Students cheat.
Numerous studies have been conducted identifying the cause, but the ultimate fact is, as long as testing is used to evaluate knowledge, there will be cheating. What can be changed is cheaters’ comprehension of the far-reaching consequences attached to their academic dishonesty.
Donald McCabe, a Rutgers University professor, has studied cheating in higher education for more than 18 years. Cheating in Academic Institutions: A Decade of Research, a collaborative article written in 2001 by McCabe, Linda Klebe Treviño and Kenneth D. Butterfield identified changes in cheating during the last 30 years.
The article compared two surveys. The first, done by sociologist, William Bowers, in 1963 of 5,000 students from more than 99 U.S. colleges and universities, revealed that 75 percent of students admitted to cheating. A 1993 replicated survey by McCabe and Treviño of more than 6,000 students at 31 institutions showed 82 percent of students admitted to it.
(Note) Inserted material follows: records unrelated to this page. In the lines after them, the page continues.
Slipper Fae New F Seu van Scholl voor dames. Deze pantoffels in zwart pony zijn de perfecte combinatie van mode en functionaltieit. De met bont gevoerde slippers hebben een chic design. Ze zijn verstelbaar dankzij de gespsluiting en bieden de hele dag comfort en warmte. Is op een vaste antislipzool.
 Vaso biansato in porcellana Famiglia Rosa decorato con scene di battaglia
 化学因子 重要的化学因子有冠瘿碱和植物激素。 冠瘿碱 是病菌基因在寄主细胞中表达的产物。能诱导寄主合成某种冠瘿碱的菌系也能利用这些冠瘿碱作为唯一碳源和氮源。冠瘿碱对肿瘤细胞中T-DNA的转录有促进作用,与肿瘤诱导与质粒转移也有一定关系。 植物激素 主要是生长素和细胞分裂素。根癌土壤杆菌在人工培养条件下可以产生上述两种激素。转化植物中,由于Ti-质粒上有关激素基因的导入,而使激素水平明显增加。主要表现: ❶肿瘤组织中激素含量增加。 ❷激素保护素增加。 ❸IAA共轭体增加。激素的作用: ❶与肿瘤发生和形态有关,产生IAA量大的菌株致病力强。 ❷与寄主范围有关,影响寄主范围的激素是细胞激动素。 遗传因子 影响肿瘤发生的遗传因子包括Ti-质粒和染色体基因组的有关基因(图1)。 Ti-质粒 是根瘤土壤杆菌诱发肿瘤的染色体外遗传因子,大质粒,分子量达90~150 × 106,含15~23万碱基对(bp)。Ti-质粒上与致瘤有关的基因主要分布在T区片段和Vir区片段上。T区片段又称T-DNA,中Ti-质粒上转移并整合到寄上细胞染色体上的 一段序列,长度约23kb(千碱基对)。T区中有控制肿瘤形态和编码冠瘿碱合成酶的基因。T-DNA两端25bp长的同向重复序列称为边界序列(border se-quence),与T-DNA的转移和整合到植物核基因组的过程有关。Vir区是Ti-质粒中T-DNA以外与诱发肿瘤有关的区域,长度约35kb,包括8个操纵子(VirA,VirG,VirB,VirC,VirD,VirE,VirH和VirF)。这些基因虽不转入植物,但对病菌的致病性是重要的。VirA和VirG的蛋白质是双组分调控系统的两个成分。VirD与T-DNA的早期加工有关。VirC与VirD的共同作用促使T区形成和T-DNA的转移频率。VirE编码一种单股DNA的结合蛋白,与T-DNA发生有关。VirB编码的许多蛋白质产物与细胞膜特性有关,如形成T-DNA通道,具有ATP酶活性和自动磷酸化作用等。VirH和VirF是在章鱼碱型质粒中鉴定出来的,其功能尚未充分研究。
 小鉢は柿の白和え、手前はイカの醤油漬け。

Not much changed in 30 years. The most shocking difference is that 25 percent more students admitted seriously cheating on tests, with 39 percent in 1963 and 64 percent in 1993.
Cheaters are often undeterred by accusations of harming others and defend their action as acceptable because it only hurts themselves if they are caught. The proverbial ripple effect caused by the rock thrown into the pond is usually never considered.
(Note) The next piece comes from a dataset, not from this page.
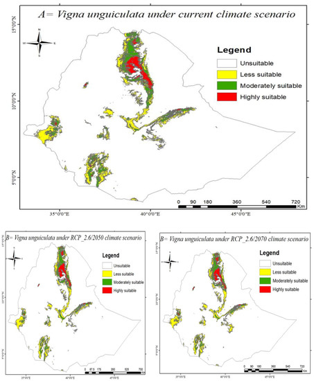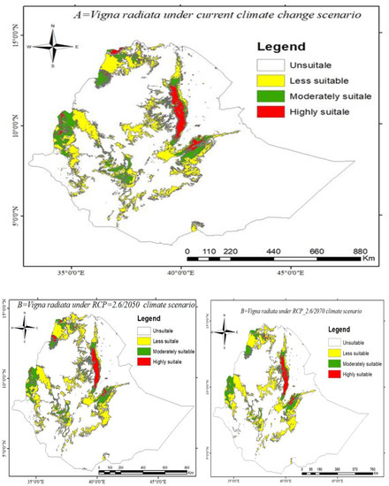 A study has examined the potential distribution suitability of the current and future agricultural areas for the sustainable production of V. radiata and V. unguiculata in Ethiopia. The maximum entropy model was used to analyze the potential suitable habitat for both crops in Ethiopia based on present and future sets of environmental factors. The adaptability of V. radiata and V. unguiculata habitat for current and future climate change scenarios was accurately modeled in this study. Final suitability work, from the total land areas of Ethiopia, highly suitable (1.69%), moderately suitable (4.27), less suitable (11.25%), and unsuitable (82.79%) habitat ranges for V. radiata are predicted, whereas V. unguiculata distribution in Ethiopia, highly suitable (1.27%), moderately suitable (3.07%), less suitable (5.22%), and 90.44% the study area was not suitable for V. unguiculata under the existing climate scenarios. The results revealed that the distribution, habitat suitability, and productivity of V. radiata were limited by the precipitation of the wettest quarter (Bio16), solar radiation index (SRI), and temperature seasonality (Bio4), whereas precipitation seasonality (Bio15), precipitation of the wettest quarter (Bio16), temperature annual range (Bio7), and precipitation of the driest quarter (Bio17) were found to be the most important environmental variables to define V. unguiculata habitat suitability in Ethiopia. Furthermore, the results showed that both crops adapted to wide ranges of agro-ecological areas of Ethiopia. Further distribution and production areas will be restricted as a result of climate change’s detrimental effects. Production and utilization of V. radiata and V. unguiculata crops in Ethiopia are very low, remaining below the potential of the crops and the world production average yield as compared to other major producing countries. Nevertheless, such crops make a significant contribution to the livelihood of the smallholder farming communities in Ethiopia, which have rapidly growing populations and need to meet their food needs. Knowing the current and future distribution of these economically important crops is critical to decide an appropriate production strategy that improves these crops’ production. This study could be useful to optimize these crops’ distribution and production in areas of high and moderate suitability where the crops are presently lacking. The habitat suitability map might be more realistic if more environmental covariates, such as anthropogenic threats were added, which will be strongly recommended for future researchers.

The saddest consequence directly affects students, not because they might get caught and punished, but because they are cheating themselves out of knowledge. The U’s Code of Student Rights and Responsibilities states that “the mission of the University of Utah is to educate the individual and to discover, refine and disseminate knowledge.”
Distracting factors such as work, dating and extracurricular events like sports all contribute to less and less available time for quality studying, but they are not excusable defenses of cheating. The main reason for attending college should be learning, and cheating inhibits knowledge.
The most unfair consequence affects fellow students. McCabe, Treviño and Butterfield’s article also identifies frustration as one of the reasons students cheat. Everyone else is doing it and often teachers are not stopping it.
Even though it’s not right, some students cheat to compete. Cheaters’ “great grades” directly affect the grades of non-cheaters, especially if the teachers grade on a curve.
It takes a lot of work to be a legitimate above average student. Several hours must be spent each day reading, often the same chapter several times, just to gain a thorough understanding. Cheaters eliminate all of that for themselves, but in return, they make tests harder for honest students wanting to excel.
What does the fact that 82 percent of students admit to cheating have do with the value of degrees granted in the United States?
It proves that overall, most students are more concerned about their grades than they are with gaining knowledge. But, what is the value of a degree if the student doesn’t retain any of the knowledge the degree symbolizes?
Students will inevitably continue to cheat. But instead of selfishly justifying and denying the consequences that affect so many others, students who cheat need to ask themselves if it is really worth it. Even if cheaters never get caught, they will still be left with a worthless degree.